* [Assignment]:
In the records below, find each line containing the word "color" and copy it.

** Opening Information supplied block **

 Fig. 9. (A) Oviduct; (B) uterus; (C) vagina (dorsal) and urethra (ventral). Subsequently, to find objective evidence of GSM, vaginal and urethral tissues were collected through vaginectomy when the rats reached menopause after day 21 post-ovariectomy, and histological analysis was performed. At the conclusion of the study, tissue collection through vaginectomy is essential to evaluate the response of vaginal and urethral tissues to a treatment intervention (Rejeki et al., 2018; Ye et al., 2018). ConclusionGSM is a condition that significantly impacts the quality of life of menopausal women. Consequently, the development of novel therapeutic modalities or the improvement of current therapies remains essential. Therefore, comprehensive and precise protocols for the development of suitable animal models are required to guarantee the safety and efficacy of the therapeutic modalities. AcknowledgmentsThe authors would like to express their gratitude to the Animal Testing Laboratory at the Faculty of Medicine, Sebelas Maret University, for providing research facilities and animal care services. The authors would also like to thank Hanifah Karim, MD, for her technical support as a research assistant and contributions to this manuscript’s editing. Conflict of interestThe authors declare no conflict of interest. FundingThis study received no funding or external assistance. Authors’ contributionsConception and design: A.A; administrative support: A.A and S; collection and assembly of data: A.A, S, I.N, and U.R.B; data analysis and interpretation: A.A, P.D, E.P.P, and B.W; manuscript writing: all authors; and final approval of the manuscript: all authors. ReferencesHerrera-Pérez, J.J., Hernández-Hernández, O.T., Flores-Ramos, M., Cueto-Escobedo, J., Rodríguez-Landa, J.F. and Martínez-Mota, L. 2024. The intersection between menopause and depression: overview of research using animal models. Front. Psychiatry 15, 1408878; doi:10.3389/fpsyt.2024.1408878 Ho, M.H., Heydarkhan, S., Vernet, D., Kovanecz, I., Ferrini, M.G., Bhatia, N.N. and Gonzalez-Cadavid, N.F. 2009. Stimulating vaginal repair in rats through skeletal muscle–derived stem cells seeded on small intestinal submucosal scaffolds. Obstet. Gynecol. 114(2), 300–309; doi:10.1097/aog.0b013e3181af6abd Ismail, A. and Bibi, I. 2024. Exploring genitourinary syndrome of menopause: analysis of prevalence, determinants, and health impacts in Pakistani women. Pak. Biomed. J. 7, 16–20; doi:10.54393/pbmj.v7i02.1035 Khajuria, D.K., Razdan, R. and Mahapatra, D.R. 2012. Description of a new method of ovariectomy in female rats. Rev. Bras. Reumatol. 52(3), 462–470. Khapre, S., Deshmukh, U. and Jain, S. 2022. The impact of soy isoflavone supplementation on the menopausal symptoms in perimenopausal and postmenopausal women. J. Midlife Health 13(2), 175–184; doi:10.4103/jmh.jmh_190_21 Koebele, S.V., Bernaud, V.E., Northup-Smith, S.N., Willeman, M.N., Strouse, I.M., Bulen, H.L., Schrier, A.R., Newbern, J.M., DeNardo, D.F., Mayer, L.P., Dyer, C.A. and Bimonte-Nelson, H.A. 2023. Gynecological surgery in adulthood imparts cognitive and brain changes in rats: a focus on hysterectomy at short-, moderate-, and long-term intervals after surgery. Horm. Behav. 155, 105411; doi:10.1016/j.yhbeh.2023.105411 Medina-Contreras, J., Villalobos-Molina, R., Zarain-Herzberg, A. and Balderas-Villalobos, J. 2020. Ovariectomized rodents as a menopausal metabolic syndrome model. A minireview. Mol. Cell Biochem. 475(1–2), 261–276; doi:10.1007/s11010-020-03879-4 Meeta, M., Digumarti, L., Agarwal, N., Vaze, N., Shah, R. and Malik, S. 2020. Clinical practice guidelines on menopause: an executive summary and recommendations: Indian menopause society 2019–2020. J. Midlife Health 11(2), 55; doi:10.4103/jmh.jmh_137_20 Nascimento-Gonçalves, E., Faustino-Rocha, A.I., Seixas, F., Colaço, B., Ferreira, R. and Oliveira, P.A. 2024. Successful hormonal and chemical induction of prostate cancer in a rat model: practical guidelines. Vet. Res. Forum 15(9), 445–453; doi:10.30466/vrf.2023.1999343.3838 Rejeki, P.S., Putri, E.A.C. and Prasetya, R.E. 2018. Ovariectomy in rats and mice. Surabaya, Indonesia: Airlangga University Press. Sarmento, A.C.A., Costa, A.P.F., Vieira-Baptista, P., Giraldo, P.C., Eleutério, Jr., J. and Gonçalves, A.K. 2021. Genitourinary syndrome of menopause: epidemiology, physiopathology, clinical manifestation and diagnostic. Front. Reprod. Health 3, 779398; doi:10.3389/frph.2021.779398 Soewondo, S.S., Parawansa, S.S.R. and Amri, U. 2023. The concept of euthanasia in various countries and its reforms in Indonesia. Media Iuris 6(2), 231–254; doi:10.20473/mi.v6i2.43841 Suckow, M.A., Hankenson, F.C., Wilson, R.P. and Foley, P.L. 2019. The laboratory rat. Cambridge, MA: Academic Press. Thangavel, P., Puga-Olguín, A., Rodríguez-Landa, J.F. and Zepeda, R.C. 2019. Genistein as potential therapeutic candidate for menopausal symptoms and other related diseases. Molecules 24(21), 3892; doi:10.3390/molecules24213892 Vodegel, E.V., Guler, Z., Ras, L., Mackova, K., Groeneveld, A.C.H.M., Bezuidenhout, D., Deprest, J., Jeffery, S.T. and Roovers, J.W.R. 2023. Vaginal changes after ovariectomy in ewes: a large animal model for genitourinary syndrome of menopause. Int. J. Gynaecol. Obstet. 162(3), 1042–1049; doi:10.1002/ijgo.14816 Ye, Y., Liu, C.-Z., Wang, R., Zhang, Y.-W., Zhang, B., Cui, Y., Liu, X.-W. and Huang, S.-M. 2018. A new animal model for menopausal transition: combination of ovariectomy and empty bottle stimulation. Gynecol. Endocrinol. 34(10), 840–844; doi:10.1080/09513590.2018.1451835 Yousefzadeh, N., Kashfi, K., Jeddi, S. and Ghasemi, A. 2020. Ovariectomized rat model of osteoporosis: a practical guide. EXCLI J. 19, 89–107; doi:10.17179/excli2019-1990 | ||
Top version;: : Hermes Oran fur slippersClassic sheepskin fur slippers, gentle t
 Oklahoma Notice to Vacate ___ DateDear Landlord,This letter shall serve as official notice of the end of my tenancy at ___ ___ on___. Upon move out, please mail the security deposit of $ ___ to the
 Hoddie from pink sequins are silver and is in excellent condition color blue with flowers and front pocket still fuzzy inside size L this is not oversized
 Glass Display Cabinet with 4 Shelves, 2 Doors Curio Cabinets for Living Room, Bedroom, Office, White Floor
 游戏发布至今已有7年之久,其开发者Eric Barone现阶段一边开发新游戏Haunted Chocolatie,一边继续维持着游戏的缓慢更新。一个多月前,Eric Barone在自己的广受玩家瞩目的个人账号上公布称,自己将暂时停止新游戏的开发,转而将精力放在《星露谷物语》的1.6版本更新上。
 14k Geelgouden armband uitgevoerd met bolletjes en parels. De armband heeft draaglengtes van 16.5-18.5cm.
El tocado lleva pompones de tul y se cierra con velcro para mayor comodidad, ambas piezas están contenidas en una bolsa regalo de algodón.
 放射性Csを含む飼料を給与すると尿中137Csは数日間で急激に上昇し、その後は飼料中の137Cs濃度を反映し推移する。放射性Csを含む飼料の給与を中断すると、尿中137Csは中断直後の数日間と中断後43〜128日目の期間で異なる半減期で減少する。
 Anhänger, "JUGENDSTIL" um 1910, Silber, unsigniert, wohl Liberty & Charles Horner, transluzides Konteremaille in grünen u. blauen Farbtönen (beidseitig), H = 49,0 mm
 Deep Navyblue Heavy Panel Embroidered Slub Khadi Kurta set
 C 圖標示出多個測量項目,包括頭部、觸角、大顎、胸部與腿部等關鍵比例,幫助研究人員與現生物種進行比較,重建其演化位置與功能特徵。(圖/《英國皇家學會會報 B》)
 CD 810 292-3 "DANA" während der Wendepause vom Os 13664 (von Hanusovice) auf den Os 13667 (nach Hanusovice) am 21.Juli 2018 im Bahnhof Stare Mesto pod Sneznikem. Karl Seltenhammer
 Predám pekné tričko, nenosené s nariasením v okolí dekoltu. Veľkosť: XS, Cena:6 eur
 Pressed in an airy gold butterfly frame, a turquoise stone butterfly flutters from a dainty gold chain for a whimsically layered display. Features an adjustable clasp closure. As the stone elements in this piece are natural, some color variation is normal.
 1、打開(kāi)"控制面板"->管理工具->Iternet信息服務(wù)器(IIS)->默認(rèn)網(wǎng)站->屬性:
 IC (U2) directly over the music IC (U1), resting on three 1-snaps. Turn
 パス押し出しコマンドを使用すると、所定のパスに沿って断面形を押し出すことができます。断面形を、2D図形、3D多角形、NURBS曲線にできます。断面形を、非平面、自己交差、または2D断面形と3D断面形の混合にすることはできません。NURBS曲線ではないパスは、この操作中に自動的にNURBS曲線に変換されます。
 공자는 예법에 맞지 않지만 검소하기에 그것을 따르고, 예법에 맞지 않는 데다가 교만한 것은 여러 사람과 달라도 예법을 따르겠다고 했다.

** Closing Information supplied block **

* [Final answer]:
 Hoddie from pink sequins are silver and is in excellent condition color blue with flowers and front pocket still fuzzy inside size L this is not oversized
 Pressed in an airy gold butterfly frame, a turquoise stone butterfly flutters from a dainty gold chain for a whimsically layered display. Features an adjustable clasp closure. As the stone elements in this piece are natural, some color variation is normal.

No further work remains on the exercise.